Files
forth_bootslop/references/forth_day_2020_in-depth.md
2026-02-20 21:38:52 -05:00

5.5 KiB

In-Depth Analysis: Onat's Forth Day 2020 Presentation

This document provides an exhaustive breakdown of the technical specifics, screen visuals, and mechanical explanations from Onat Türkçüoğlu's "Preview of x64 & ColorForth & SPIR V" presentation at Forth Day 2020, synthesizing both the video transcript and the OCR analysis of the editor's visual state.


1. The Environment and Editor UI

Onat introduces a custom 3-pane UI built entirely from scratch in C and Vulkan. This editor serves as the primary IDE, compiler, and visual debugger.

Visual Layout (from OCR & Video)

  • The Three Panes: Left/center panes display the block-based, colorized Forth/macro tokens. The right pane displays live x86-64 assembly output (or SPIR-V binary data) that updates instantly as the user edits the source.
  • Color Semantics (Observed in OCR):
    • Cyan: Low-level x86-64 opcodes or API functions (mov, jmp, xorpd, CCALL1, ide_syscmd).
    • Yellow: Line numbers, specific execution tokens, or immediate jump labels/blocks.
    • Magenta: High-level struct definitions, bitwise layouts, and basic block delineations (Structs, vars, bits).
    • Red: Literal numbers (32, 64), format strings, or specific SPIR-V instruction IDs and properties.
    • Orange/Green: UI and control flow modifiers.
  • State Tracking: The editor treats code blocks as tracked state objects, which allows for native, robust Undo/Redo operations without relying on a traditional text file format.

2. O(1) Dictionary Lookup & "Compile-Time Call Graph"

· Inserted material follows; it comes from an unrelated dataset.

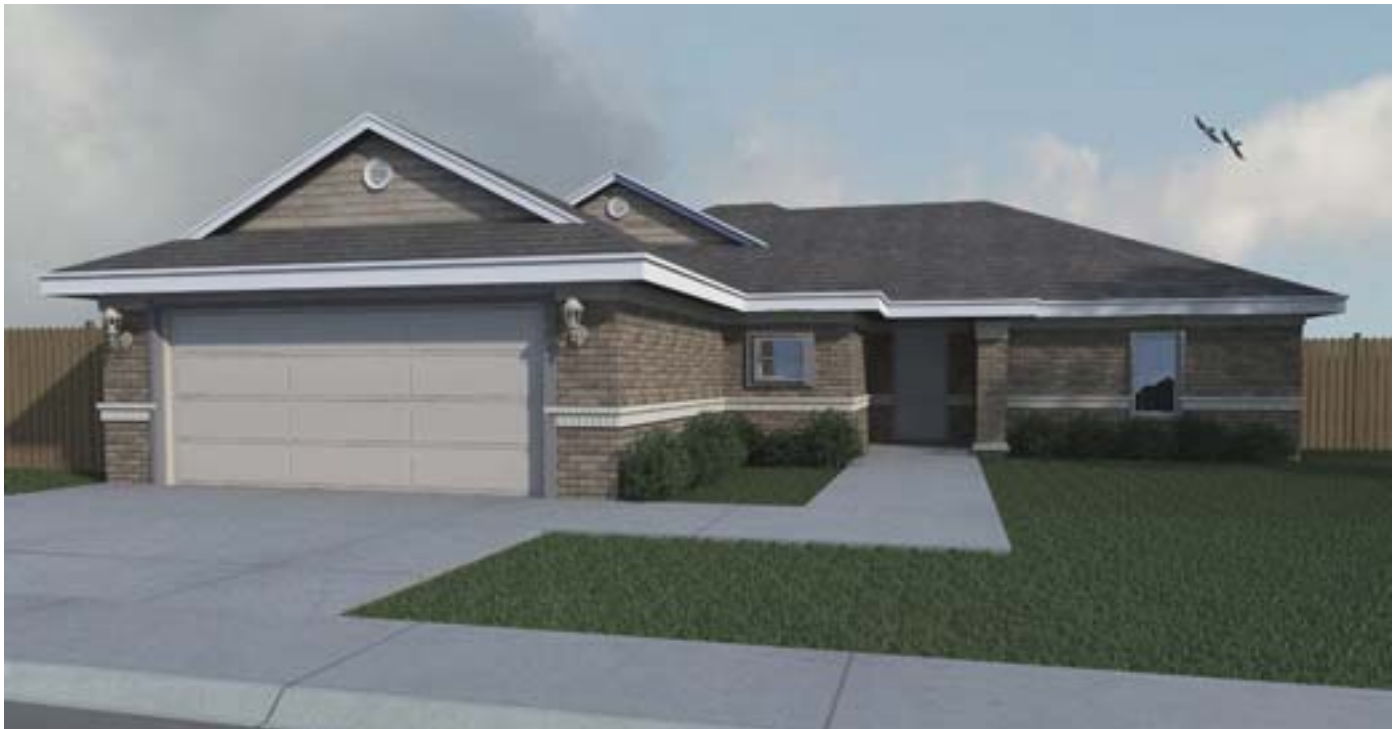
A - BRICK

Traditional Forth systems (and even Lottes's early systems) relied on hashing strings or linear searches to resolve words. Onat eliminated this overhead entirely.

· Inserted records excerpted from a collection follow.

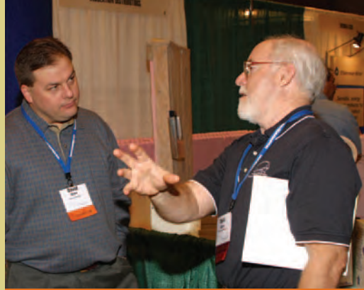
Target: Market Providers
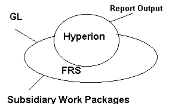
Figure 2 - Overall System Architecture

Hyperion provides "hot" links to the Hyperion Report Writer as well as other reporting tools such as Excel and Lotus. Links to other systems are possible by exploiting the openness of the system.
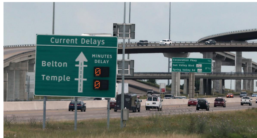
The Texas Department of Transportation has installed dynamic message signs along IH-35 to provide real time travel information to alert motorists and provide alternate route information. This sign is located along southbound IH-35 near the SH 6 / West Loop 340 interchange as motorists head towards the Temple / Belton area. A similar sign is found for northbound IH-35 just outside of Temple to provide delay information through the Waco area.

Of a more permanent status, TxDOT has installed cameras and dynamic message signs at several locations within the region as construction phases are completed. In addition to the message signs, TxDOT has also installed 2 signs to provide motorists comparative travel time information for IH-35 versus Loop 340 as an alternate route through Waco. In addition to these, TxDOT has also installed delay signs for northbound IH-35 just north of the Temple area to alert motorists heading to Waco. Outside of IH-35, there are a small number of traffic cameras installed by TxDOT to provide real time images for IH-35 alternate routes. Other than these facilities, there is currently no other ITS infrastructure within the Waco Region. Map 4.6 identifies the location of ITS infrastructure within the Waco Region.
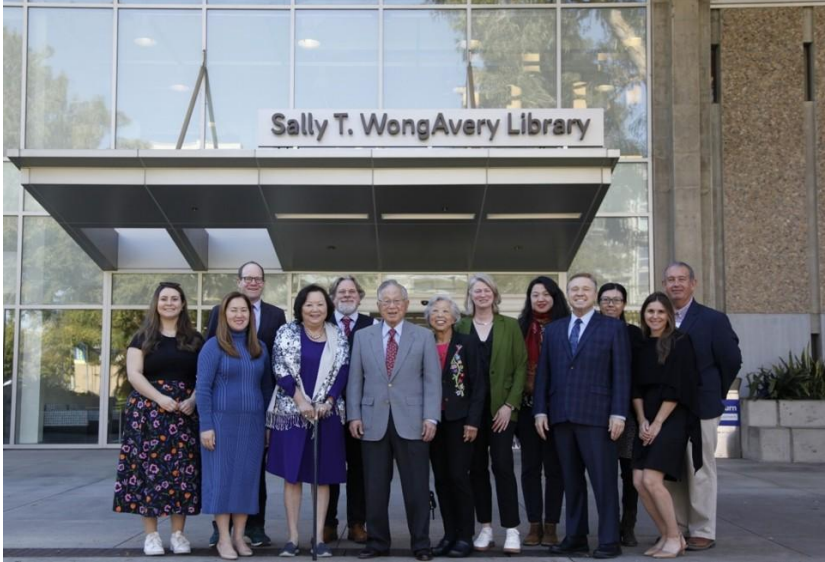
Cambridge and UCSD teams with members of the Foundation during the Library exchange trip to San Diego in January 2024

  • Source Memory Mapping: Instead of hashing, the compiler allocates an extra 4 bytes per character in the visual block to store the exact source memory location of the currently compiled word.
  • Instant Resolution: Because the token itself points to its origin, "Jump to Definition" is instantaneous.
  • Execution Tracing: He demonstrates a command that instantly numbers every occurrence of a word across the codebase in the exact chronological order of execution. This provides a "compile-time call graph" without actually running the program, allowing the programmer to visualize the data flow statically.

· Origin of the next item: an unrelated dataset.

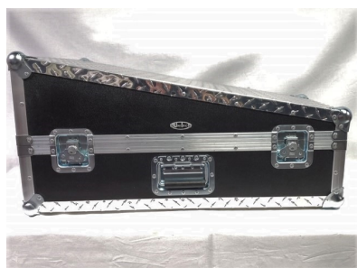
DP Vaults are designed to transport the instrument in a gig bag.

Music directors absolutely love Unitec Diamond Plate MULTI – CASES. Our double duty multi cases can be set in the band room and used for storage all year long. When the band hits the road you simply put the doors on and roll out. Multi cases feature numbered storage compartments for each band member. Multi cases take less space, organize the band and save hours of on and off load time.

3. The High-Level x64 Macro Assembler

The core of the system is not a traditional Forth interpreter, but a high-level macro assembler that compiles words directly into x64 machine code.

  • Syntax & Abstraction:
    • The syntax is designed to be readable and fluid: AX to BX or CX + offset.
    • A "direction register" macro allows toggling the flow of data. For instance, from AX to BX register, let's move an unsigned emits a 32-bit mov ebx, eax.
    • Modifiers like long change the emission to a 64-bit mov rbx, rax.
  • Low-Level Control (OCR Insights): The OCR reveals exact x64 instructions embedded in the blocks:
    • xorpd xm15, xm15 and movups [rsi], xm15 show direct, native access to SSE/AVX registers for vectorized operations.
    • Macros like PUSH2 rsi, rdi and POP2 rsi, rdi are used instead of traditional C-style prologues/epilogues, maintaining tight control over the stack pointer and register preservation.
    • C-ABI Integration: The OCR shows words like CCALL1 ide_p and CCALL3 ide_syscmd. This indicates a custom FFI (Foreign Function Interface) macro set (CCALL0, CCALL1, CCALL2, CCALL3) designed to automatically align the stack (RSP to 16 bytes) and map registers to the C-ABI (e.g., RCX, RDX, R8, R9 on Windows) to call out to the C-based host/Vulkan engine.

4. SPIR-V Generation

A significant portion of the presentation focuses on using this same macro-assembler foundation to generate SPIR-V (the intermediate representation for Vulkan compute/graphics shaders) entirely from scratch, replacing massive compiler toolchains like glslang.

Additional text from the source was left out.